Currently I am able to show the pizza_name, beverage and the pairing_weight being the amount of toppings on a pizza that the beverage pairs with. From here, I am looking to just output a mapping of distinct pizza name to beverage.

I am unsure how to format the query to just return the top result per pizza based on pairing_weight.

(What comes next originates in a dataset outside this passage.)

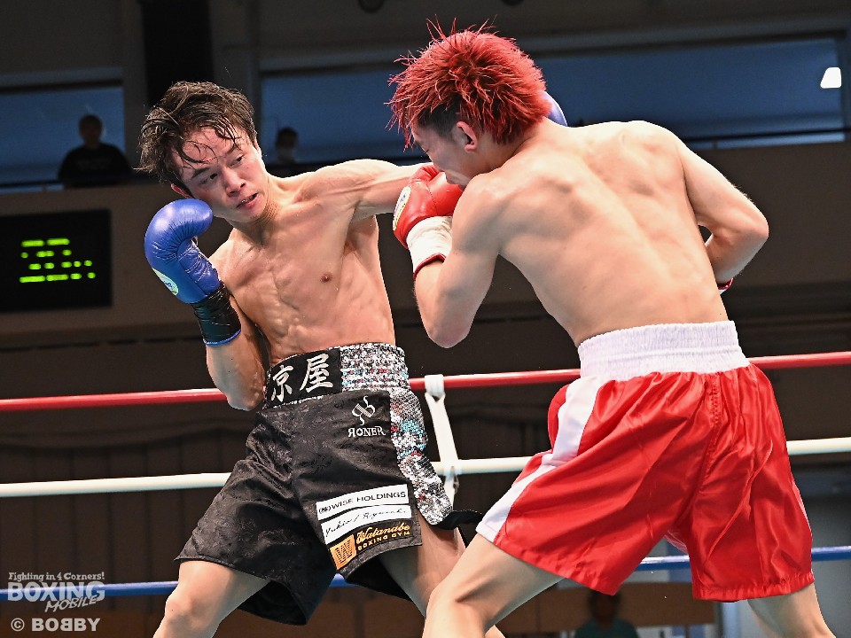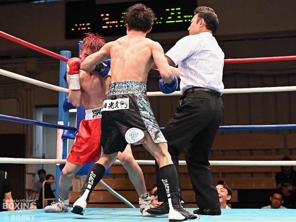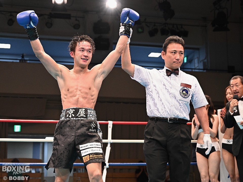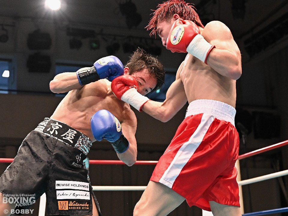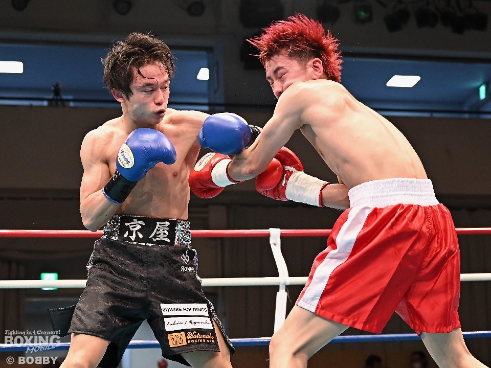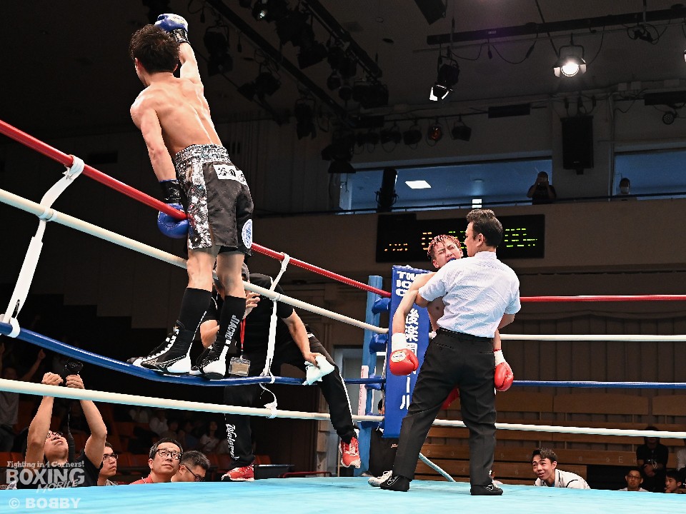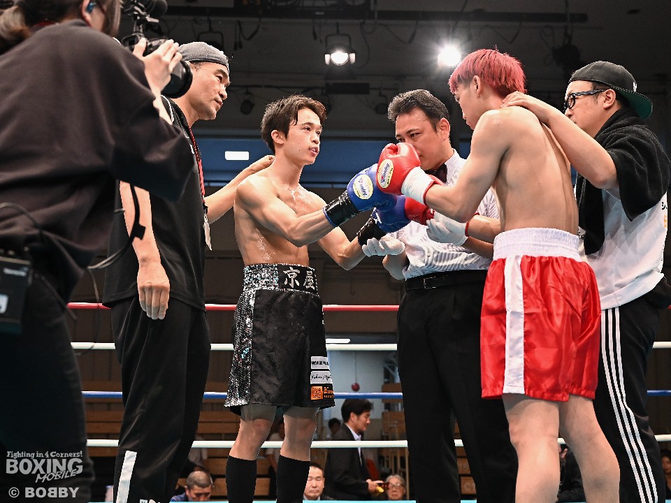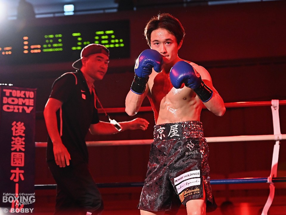 試合:山田がジャブとワンツーで前に出てきたのに対して、京屋は右ストレートと、左ボディに加えて右アッパーをカウンターに合わせた。2回はワンツー、左フックとテンポよく手を出した山田に対して、京屋は左右のアッパーを多用して、アゴを捉えた。左右のボディを叩き合った3回、左フックで顔面を捉えた京屋がパンチをまとめたところでレフェリーが試合を止めた。
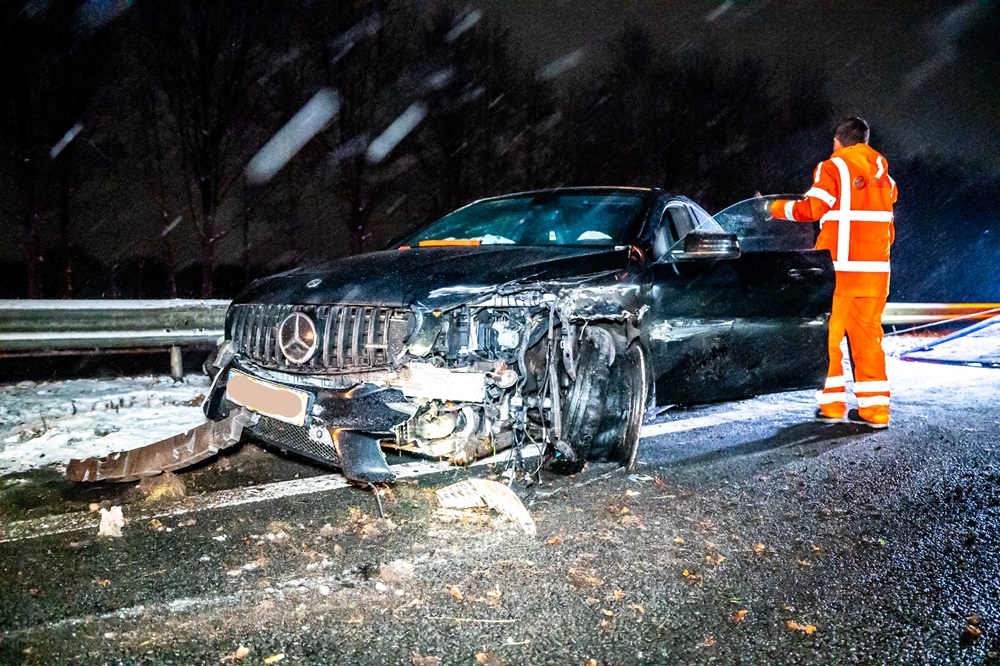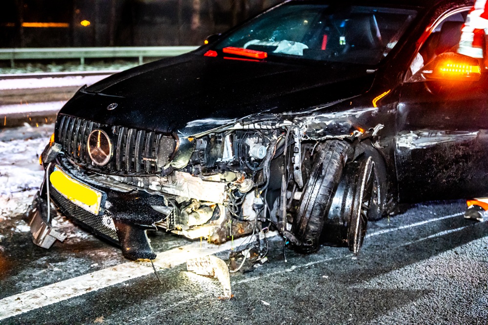 Dronken automobilist botst op snelweg tegen vangrail

mysql> select pizza_name, beverage, COUNT(beverage) as pairing_weight
    -> from pizza_production
    ->     JOIN pizza_restrictions pr on
    ->         pizza_production.topping_name = pr.topping_name
    ->     JOIN beverage_pairing_notes on
    ->         restriction = pairing
    ->     GROUP BY pizza_name, beverage
    ->     ORDER BY pizza_name, pairing_weight DESC;
+--------------+--------------------+----------------+
| pizza_name   | beverage           | pairing_weight |
+--------------+--------------------+----------------+
| Grand Padano | Prosecco           |              2 |
| Grand Padano | Champagne          |              2 |
| Grand Padano | Riesling           |              2 |
| Grand Padano | Cava               |              2 |
| Grand Padano | Pinot Noir         |              1 |
| Grand Padano | Carlsberg beer     |              1 |
| Grand Padano | Zinfandel Rosé     |              1 |
| Grand Padano | Chardonnay         |              1 |
| Grand Padano | Chenin Blanc       |              1 |
| Grand Padano | Gewürztraminer     |              1 |
| Grand Padano | Guinness beer      |              1 |
| Grand Padano | Pinot Grigio       |              1 |
| Grand Padano | Heineken beer      |              1 |
| Grand Padano | Irn Bru            |              1 |
| Grand Padano | Malbec             |              1 |
| Grand Padano | Muscat Blanc       |              1 |
| new york     | Riesling           |              2 |
| new york     | Champagne          |              2 |
| new york     | Prosecco           |              2 |
| new york     | Pinot Noir         |              2 |
| new york     | Malbec             |              2 |
| new york     | Syrah              |              1 |
| new york     | Cava               |              1 |
| new york     | Cabernet Sauvignon |              1 |
| new york     | Chardonnay         |              1 |
| new york     | Carlsberg beer     |              1 |
| new york     | Chenin Blanc       |              1 |
| new york     | Gewürztraminer     |              1 |
| new york     | Guinness beer      |              1 |
| new york     | Muscat Blanc       |              1 |
| new york     | Heineken beer      |              1 |
| pepperoni    | Pinot Noir         |              3 |
| pepperoni    | Malbec             |              3 |
| pepperoni    | Muscat Blanc       |              2 |
| pepperoni    | Heineken beer      |              2 |
| pepperoni    | Guinness beer      |              2 |
| pepperoni    | Gewürztraminer     |              2 |
| pepperoni    | Chenin Blanc       |              2 |
| pepperoni    | Riesling           |              2 |
| pepperoni    | Carlsberg beer     |              2 |
| pepperoni    | Cabernet Sauvignon |              2 |
| pepperoni    | Chardonnay         |              1 |
| pepperoni    | Champagne          |              1 |
| pepperoni    | Prosecco           |              1 |
| pepperoni    | Cava               |              1 |
| pepperoni    | Rioja              |              1 |
| pepperoni    | Syrah              |              1 |
| pepperoni    | Zinfandel Rosé     |              1 |
| vegetarian   | Diet Coke          |              2 |
| vegetarian   | Prosecco           |              1 |
| vegetarian   | Champagne          |              1 |
| vegetarian   | Riesling           |              1 |
+--------------+--------------------+----------------+
52 rows in set (0.01 sec)

An example of desired output would be

+--------------+--------------------+
| pizza_name   | beverage           |
+--------------+--------------------+
| pepperoni    | Pinot Noir         |
| new york     | Riesling           |
| Grand Padano | Prosecco           |
| vegetarian   | Diet Coke          |
+--------------+--------------------+

Is there a way to pull this data from what I already have in the output of the query above?

Version:

mysql> status -------------- /usr/local/mysql/bin/mysql  Ver 8.0.23 for macos10.15 on x86_64 (MySQL Community Server - GPL)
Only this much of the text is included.